Join pastor and bestselling author Steve Poe as he helps you break free from the destructive patterns that are keeping you from the joy-filled, flourishing life that Jesus promised each of us.
We all have both good and bad habits in our life. Creatures of Habit reveals how to remove bad habits and replace them with godly ones. But it's not a matter of simply working hard to make changes--true transformation is God's work, and our job is to listen, obey, and put into practice what he's already directing us to do.
While each chapter focuses on a different bad habit, Poe shares a self-assessment at the end of each chapter, encouraging you to ask yourself:
Has this become a habit in my life?Is it affecting my relationship with Christ?Is it affecting my relationship with others?Is it affecting my attitude in a negative way?Is it keeping me from becoming the person God wants me to become?
Each chapter provides insights, biblical examples, and tangible tools that will help you break the bad habits that can become spiritual strongholds in your life.
Praise for Creatures of Habit:
"Any change, even an incremental one, can make a huge difference over the course of your life. It's never too late to let God help you change the trajectory of your life. Steve Poe will help you see just that."

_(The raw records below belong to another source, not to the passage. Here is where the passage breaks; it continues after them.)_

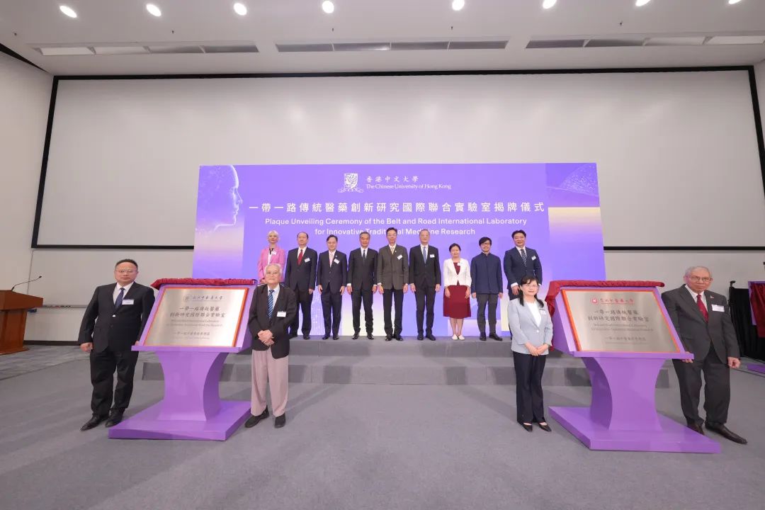 论坛期间,在中大校董会主席查逸超教授,全国政协副主席、中医药全产业链香港中心理事兼顾问及守创中药贸易平台理事梁振英,中大校长、联盟理事长卢煜明教授等重要嘉宾的见证下,周英与香港中文大学副校长陈伟仪共同为我校“一带一路传统医药创新研究国际联合实验室”揭牌。
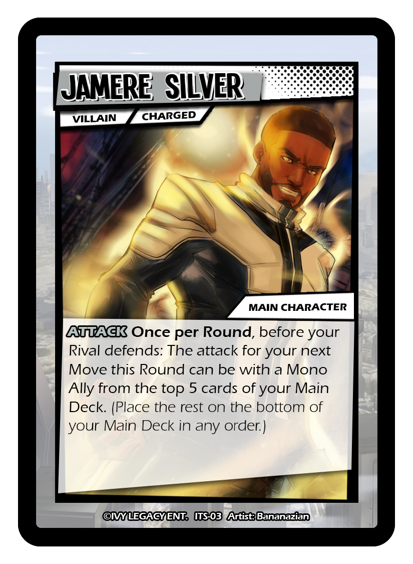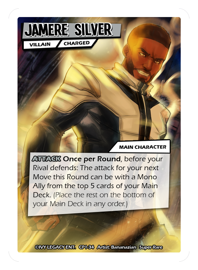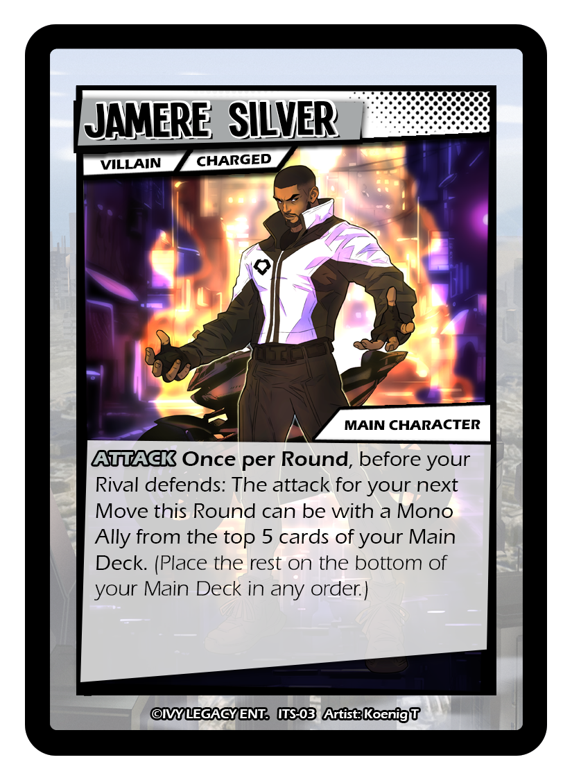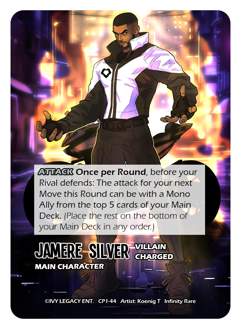 Text: ATTACK Once per Round, before your Rival defends: The attack for your next Move this Round can be with a Mono Ally from the top 5 cards of your Main Deck. (Place the rest on the bottom of your Main Deck in any order.)
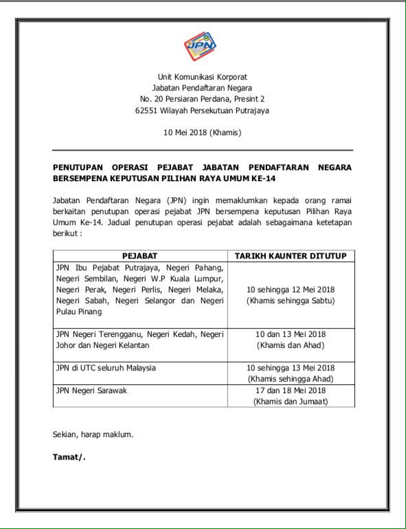 Jpn Malaysia On Twitter Pemberitahuan Penutupan Operasi Pejabat Jpn Bersempena Keputusan Pru Ke 14
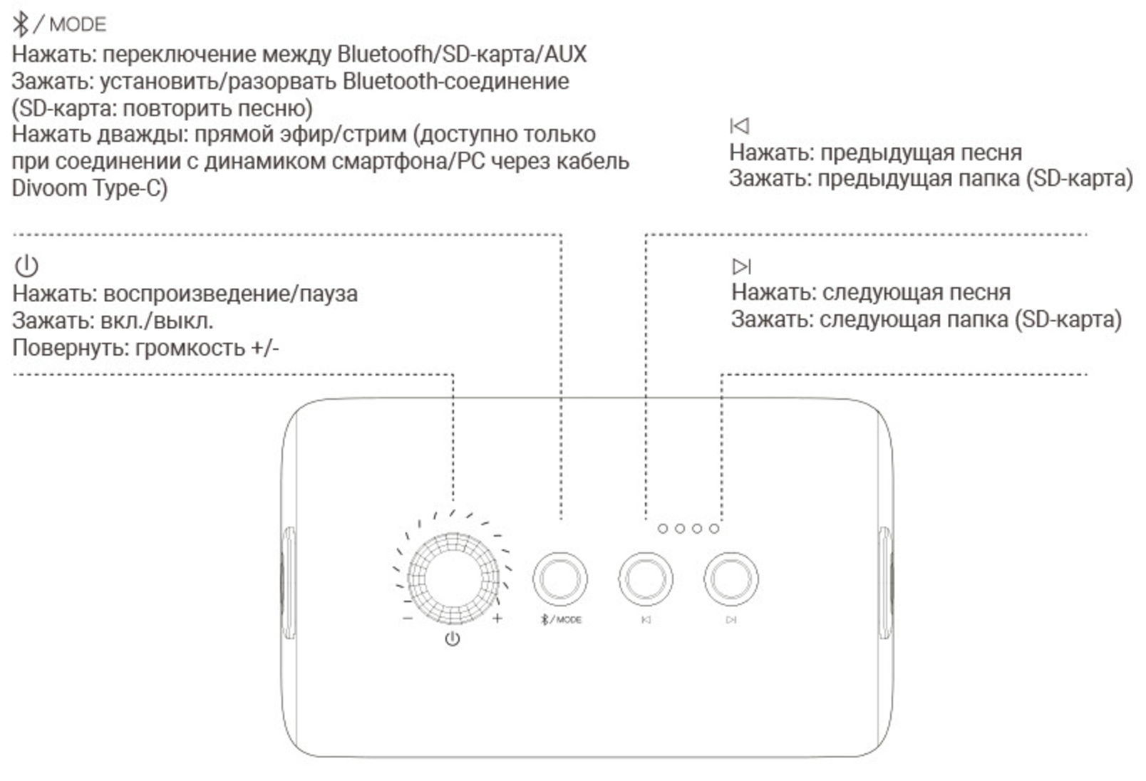 Вновь обратимся к иллюстрации из инструкции, чтобы наглядно показать предназначение всех элементов панели управления. Громкость микрофона изменяется исключительно регулятором на его корпусе и не зависит от выставленного общего уровня. В целом, если колонка оставляет ощущение более-менее солидного устройства, то микрофон — по ощущениям всё же игрушка.
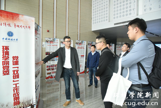 刘东东一行参观刮刮卡 党建“双创”成果展和师生野外实习风采展。王海锋讲解展板,全面介绍刮刮卡 党委近年来党建示范创建和质量创优工作取得的创新性理论成果、制度成果、实践成果和特色成果,以及刮刮卡 师生在野外实习实践的风采。
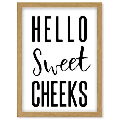 Artery8 Funny Bathroom Wall Art Hello Sweet Cheeks Cheeky Toilet Sign Artwork Framed Print A4
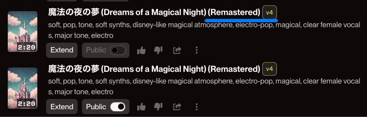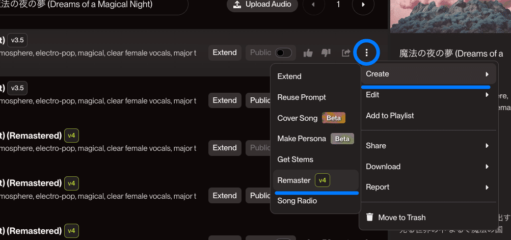 Suno v4では、v4以前に作成した既存の楽曲の音質を向上させる「Remaster」機能が追加されました。
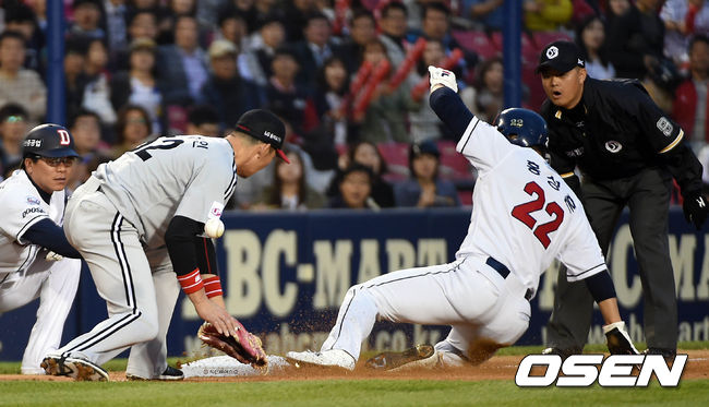 7일 오후 서울 잠실야구장에서 열린 '2015 타이어뱅크 KBO 리그' 두산 베어스와 LG 트윈스의 경기, 2회초 1사 주자 1루 두산 김재환의 안타에 1루주자 홍성흔이 3루에서 세이프되고 있다.
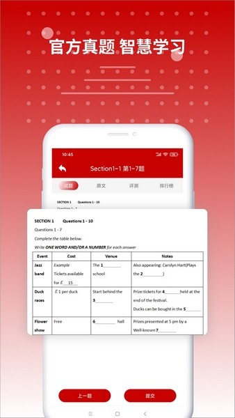 2、原文、听力、练习全方面测试你的真实雅思英语水平。每一个模块都由全方位的名师出题,而且所采用的测评题都是直接或间接来自雅思真题。力求测试结果无限接近您的真实水平。练习后可以查看解析。
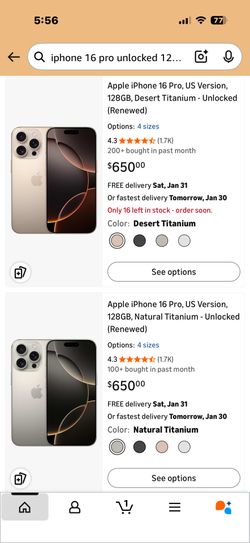 iPhone 16 Pro Unlocked 256GB $679 or $60 Down!$679Tampa, FL
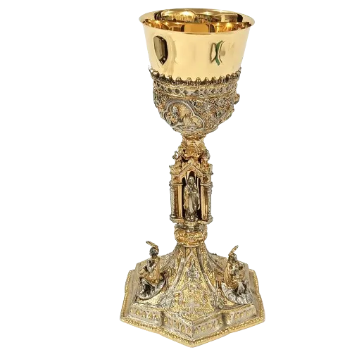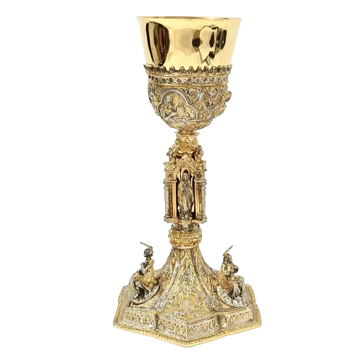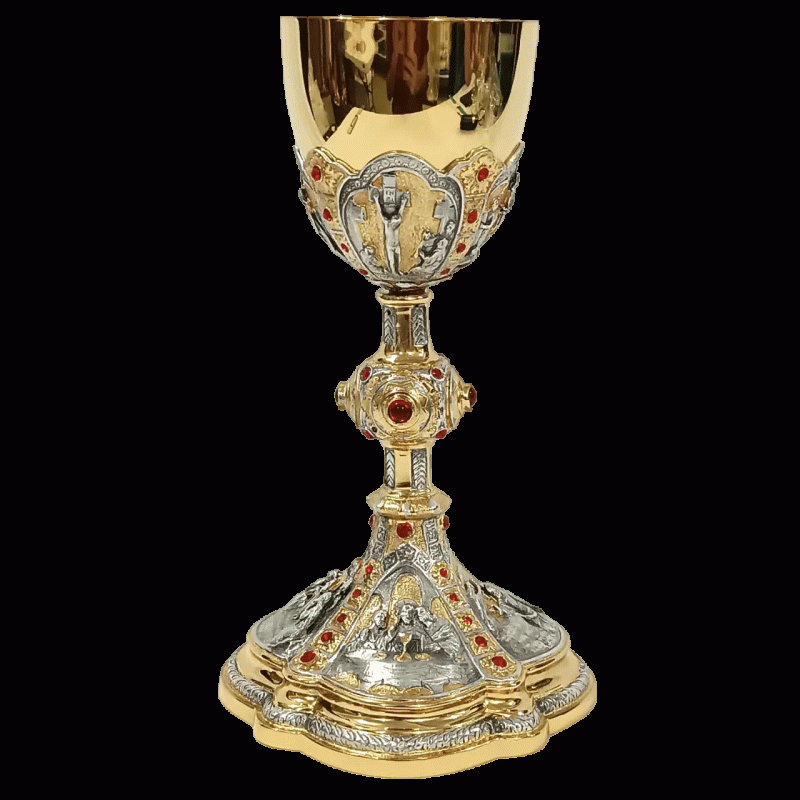 Cálice em latão produzido na Itália, por artesãos experientes. O Cálicie Trigo e Uva é totalmente cinzelado a mão (arte de entalhar o metal), num processo artístico únco. Logo após ele é banhado em prata e a copa em ouro 24k. fundido e cinzelado, com banho de níquel, e copa banhada a ouro.
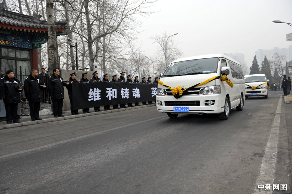1月19日,北京民眾自發(fā)守候在通往北京八寶山殯儀館的路口迎接英烈的靈柩。當(dāng)日,八位海地地震遇難中國維和警察的靈柩搭乘專機(jī)將抵達(dá)北京。中新網(wǎng)記者 金碩 攝
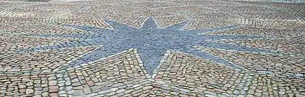La cour intérieure de l'hôtel de ville possède un pavement marqué d'une étoile qui indique le centre géographique de Bruxelles[12], identique à la place du Capitole à Rome.
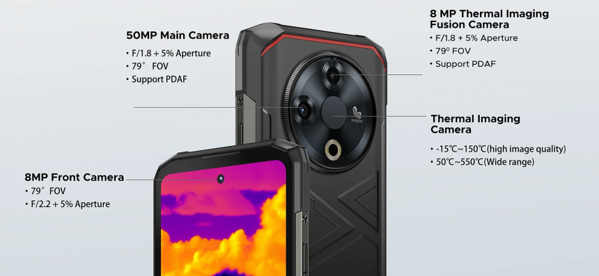 Doogee Fire 6 оснащений 8-мегапіксельним тепловим сенсором (Fusion Camera), що поєднує звичайну та теплову зйомку в одному модулі – справжній мастхев для польових фахівців і туристів.

--Kyle Idleman, Senior Pastor and bestselling author of Gods at War
Poe, lead pastor of Northview Church in Indiana, debuts with an engaging examination of 12 dangerous habits that offers up ways to replace them with routines that support a healthy Christian life. Addressing biblical sins, modern ills like workaholism, and the pitfalls of pride, worry, cynicism, and guilt, Poe approaches his topic with humility and explains, for instance, how unresolved trauma might lead to anger becoming a habitual response to inconvenience, potentially leading to damaged relationships or lost jobs. To break the habit, Poe recommends apologizing to those hurt by outbursts, taking up exercise, developing Scripture-based self-talk, and seeking God's help through prayer. Other suggestions include finding an accountability partner and being more grateful. Unfortunately, Poe's overly spiritual perspective has its blind spots—as when, in discussing workaholism, he asks readers to consider why work is an emotional priority for them without acknowledging factors like financial precariousness or the need for health insurance. This sympathetic guide will appeal to Christians looking for simple ways to make some changes in their lives.